Upon consummation and receipt by Standard of one or more reregistered
certificates, Standard will be the registered owner of 185 common shares of the
Company and, assuming Standard has purchased same in good faith, for value and
without notice of adverse claims, Standard will have acquired all of the rights
of the Shareholders in said shares, free of any adverse claim, any lien in favor
of the issuer, and any restrictions on transfer imposed by the Company.

      (d) The Shareholders and the Company have duly executed and delivered this
Agreement and this Agreement constitutes the valid and legally binding
obligation of the Shareholders and of the Company enforceable against them in
accordance with its terms, subject to and limited by: (i) the effect of
bankruptcy, insolvency, reorganization, receivership, conservatorship,
arrangement, moratorium or other laws affecting or relating to the rights of
creditors generally, and (ii) the rules governing the availability of specific
performance, injunctive relief or other equitable remedies and general
principles of equity, regardless of whether considered in a proceeding in equity
or at law.

      (e) There is no action, suit, proceeding or investigation pending or, to
the best of such counsel's knowledge and belief, threatened against any of the
Shareholders or the Company seeking to restrain or questioning the validity or
legality of any of the transactions described in this Agreement.

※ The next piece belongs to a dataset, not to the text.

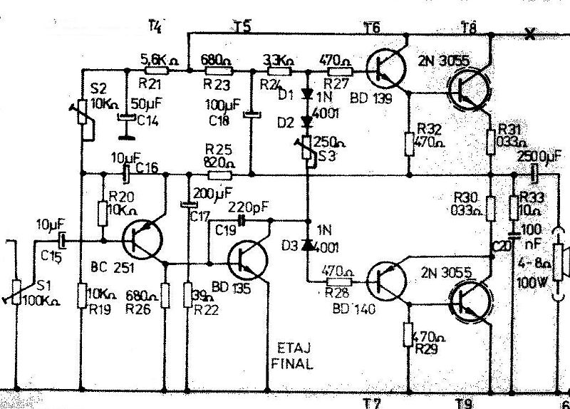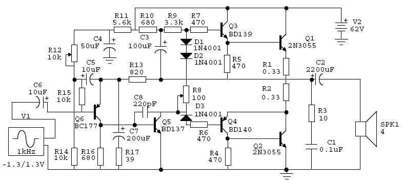 O schema "clasica" de amplificator cu tranzistoare 2N3055 si alimentare asimetrica a circulat prin anii '80, fiind prezentata in revista Tehnium.

      (f) The execution, delivery and performance of this Agreement by the
Shareholders and by the Company will not, to the best of such counsel's
knowledge and belief, (i) constitute a violation of or a default under any
material contract, agreement or instrument known to such counsel to which the
Company or the Shareholders are subject or by which any of the Shareholders' or
the Company's properties or assets are bound, or (ii) result in the creation or
imposition of any lien, security interest, claim, charge, encumbrance or
restriction on any of the Company's material properties or assets or contravene,
conflict with or result in the violation of any law, regulation or rule known to
such counsel or, to the best of such counsel's knowledge and belief, any order,
directive, judgment, arbitration award or decree to which the Shareholders or
the Company or any of their respective properties or assets are subject.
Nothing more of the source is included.